> **What is being asked**: Below are some entries. Repeat exactly the lines from the one with "These lovely honey-coloured" through the one with "This studio room", and only those.

> **Data in this exercise**:
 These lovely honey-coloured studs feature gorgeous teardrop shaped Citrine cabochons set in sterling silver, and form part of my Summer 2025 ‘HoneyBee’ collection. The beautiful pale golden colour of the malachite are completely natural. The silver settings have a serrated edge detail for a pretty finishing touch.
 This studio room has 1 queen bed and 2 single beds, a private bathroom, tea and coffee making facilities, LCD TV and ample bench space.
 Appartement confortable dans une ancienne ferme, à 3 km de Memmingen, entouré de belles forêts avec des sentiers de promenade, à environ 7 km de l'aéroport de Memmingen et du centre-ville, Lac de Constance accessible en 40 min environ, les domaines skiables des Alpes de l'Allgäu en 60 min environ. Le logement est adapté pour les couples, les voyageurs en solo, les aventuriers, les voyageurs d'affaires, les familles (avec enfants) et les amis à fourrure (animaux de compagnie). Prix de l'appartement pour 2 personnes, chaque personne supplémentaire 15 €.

---

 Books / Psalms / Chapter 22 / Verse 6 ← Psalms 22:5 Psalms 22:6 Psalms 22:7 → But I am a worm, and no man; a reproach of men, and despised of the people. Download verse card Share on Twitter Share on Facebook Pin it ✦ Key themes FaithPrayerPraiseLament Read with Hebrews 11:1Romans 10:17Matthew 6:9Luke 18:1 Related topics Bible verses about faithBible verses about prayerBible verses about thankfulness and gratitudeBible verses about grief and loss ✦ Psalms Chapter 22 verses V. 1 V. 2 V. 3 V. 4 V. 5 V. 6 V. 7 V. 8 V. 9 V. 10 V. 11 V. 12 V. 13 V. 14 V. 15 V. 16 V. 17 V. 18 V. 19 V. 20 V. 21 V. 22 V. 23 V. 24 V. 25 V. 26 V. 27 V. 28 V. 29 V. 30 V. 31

--

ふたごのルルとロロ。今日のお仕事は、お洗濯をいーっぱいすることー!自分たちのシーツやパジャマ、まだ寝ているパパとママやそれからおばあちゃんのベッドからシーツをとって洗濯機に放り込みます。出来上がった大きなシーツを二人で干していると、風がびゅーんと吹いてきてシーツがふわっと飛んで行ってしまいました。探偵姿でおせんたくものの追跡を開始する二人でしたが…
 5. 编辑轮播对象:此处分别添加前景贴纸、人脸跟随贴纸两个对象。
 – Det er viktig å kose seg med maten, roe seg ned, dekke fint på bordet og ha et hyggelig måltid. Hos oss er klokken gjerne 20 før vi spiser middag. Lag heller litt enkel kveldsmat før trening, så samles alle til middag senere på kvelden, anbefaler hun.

> **Response**:
 These lovely honey-coloured studs feature gorgeous teardrop shaped Citrine cabochons set in sterling silver, and form part of my Summer 2025 ‘HoneyBee’ collection. The beautiful pale golden colour of the malachite are completely natural. The silver settings have a serrated edge detail for a pretty finishing touch.
 This studio room has 1 queen bed and 2 single beds, a private bathroom, tea and coffee making facilities, LCD TV and ample bench space.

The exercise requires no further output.